There are few experiences all Tech students share, but one that most — if not all — have in common is completing the ENGL 1101 and 1102 courses. Although these are graduation requirements, there is more at work in these classes than simply teaching students communication skills.
Many of the professors teaching these writing and communication classes participate in the Marion L. Brittain Postdoctoral Fellowship and use these classes as a chance to conduct research. One such fellow, Dr. Nick Sturm pointed out the unique characteristics of the fellowship.
“The purpose of those classes that the fellows teach isn’t necessarily about any of our specific subject expertise, but we are encouraged to use our subject expertise in these classes as a vehicle for teaching this pedagogy,” said Strum.
“It’s really neat to see a fellowship at a university like Georgia Tech that’s encouraging a multidisciplinary humanities-based approach to teaching communication.”
The Fellowship treats the teaching experience as an opportunity for the fellows to further their research in various topics.
“One of the things that’s most important for us as faculty is that we’re encouraged to merge our research and our teaching completely,” said Strum.
This research can be either pedagogical research or research on the topic the fellows specialized in for their doctorate. Sturm, who holds degrees in history, poetry and creative writing, now teaches classes at Tech focused on poetry, painting and film. He is able to use these topics for more than just teaching his students about the surface content.

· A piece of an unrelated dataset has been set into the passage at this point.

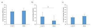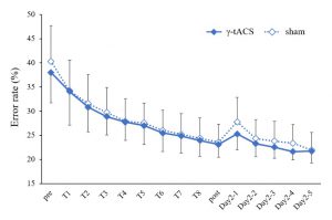 ② 一次運動野と小脳を同時刺激しながら視覚追従課題を練習するγ-tACS条件と刺激せずに練習する疑似刺激条件の2条件を用いて運動学習効率および運動学習の保持を比較しました.図では,γ-tACS条件において練習日の翌日の1回目におけるエラー値が疑似刺激条件よりも小さい(より学習が保持されている)ことを示しております.

“We can see students as pure researchers in our work, said Sturm. “My students contribute to my research and often are creating projects that contribute to my field of study.”
As a way of documenting the work done by the Brittain Fellows, the online forum TECHStyle was created in 2011 for sharing articles fellows write on a variety of topics related to communication and writing pedagogy. Currently, Sturm acts as the head editor of TECHStyle.
“It is a place for us as Brittain Fellows to formalize for ourselves in writing the way that our research and our teaching is reciprocal,” said Sturm, who sees TECHStyle as having become similar to an academic journal in recent years.
Additionally, TECHStyle provides a record of ways in which education is constantly changing over time.
“We’re framing all that work in a really public facing way to show that the pedagogy is not mechanical,” said Strum. “It’s absolutely the way that we’re thinking and it’s helping us innovate in our work and we want to show that through TECHStyle.”
Sturm sees this process of innovative education over time as a way of proving to students the power of multimodal communication.
“My students come in, and they know nothing about poetry, painting, or they think they don’t,” said Sturm. “Fifteen weeks later, they produce incredible, innovative, multimodal work that is contributing to the field of study.”
But TECHStyle’s reach is not limited to just the Tech community.
“The blog is also really useful as a tool for instructors at other institutions who are looking to innovate with their pedagogy,” said Sturm. “We’re providing all sorts of examples of how our students use multimodality to create really interesting research-based humanities work.”
Sturm also emphasized that for the Brittain Fellows, TECHStyle is a friendly community where academic writing can first be published, before moving on to another platform.
“Academic publishing can be pretty intimidating. There’s a lot of gate-keeping,” said Sturm, advocating the welcoming environment of TECHStyle as an alternative.
“It’s a way to publish your work in a way that’s really friendly.”
On TECHStyle, both written articles and other forms of media, such as podcasts, are published.
“If we’re teaching multimodality, we want to show our students that we’re working in these modes as well,” said Sturm.
“We’re also not interested and invested in.”
Although Sturm’s time as editor will be coming to an end this semester, he still has a vision for TECHStyle’s future as well for its success.
“My idea for it is that it just stays a lively place for conversation,” said Sturm. “It needs to be alive and it needs to be a place where ideas are in progress, not where things are defined and set in stone.
“I think that’s the whole
point of blogs in general is that they are these active places where people are participating.”
Sturm pointed out that there are many individuals who contribute to the continued success of TECHStyle, including Dr. Rebecca Burnett, the Director of the Writing and Communication Program at Tech. He also reiterated that the uniqueness of the Brittain Fellowship allows for not only the fellows to benefit, but also the students, as they are able to actively apply the skills they learn in English classes at Tech.
“Posting my students’ work on TECHStyle in a different context shows them that their work has public facing value,” said Strum. “That’s something that’s often lacking. I think students don’t see, ‘How’s the work that I do in class matter?’ And this is an example of the way it matters.”
“Posting my students’ work on TECHStyle in a different context shows them that their work has public facing value,” said Strum.
“That’s something that’s often lacking. I think students don’t see, ‘How’s the work that I do in class matter?’ And this is an example of the way it matters.”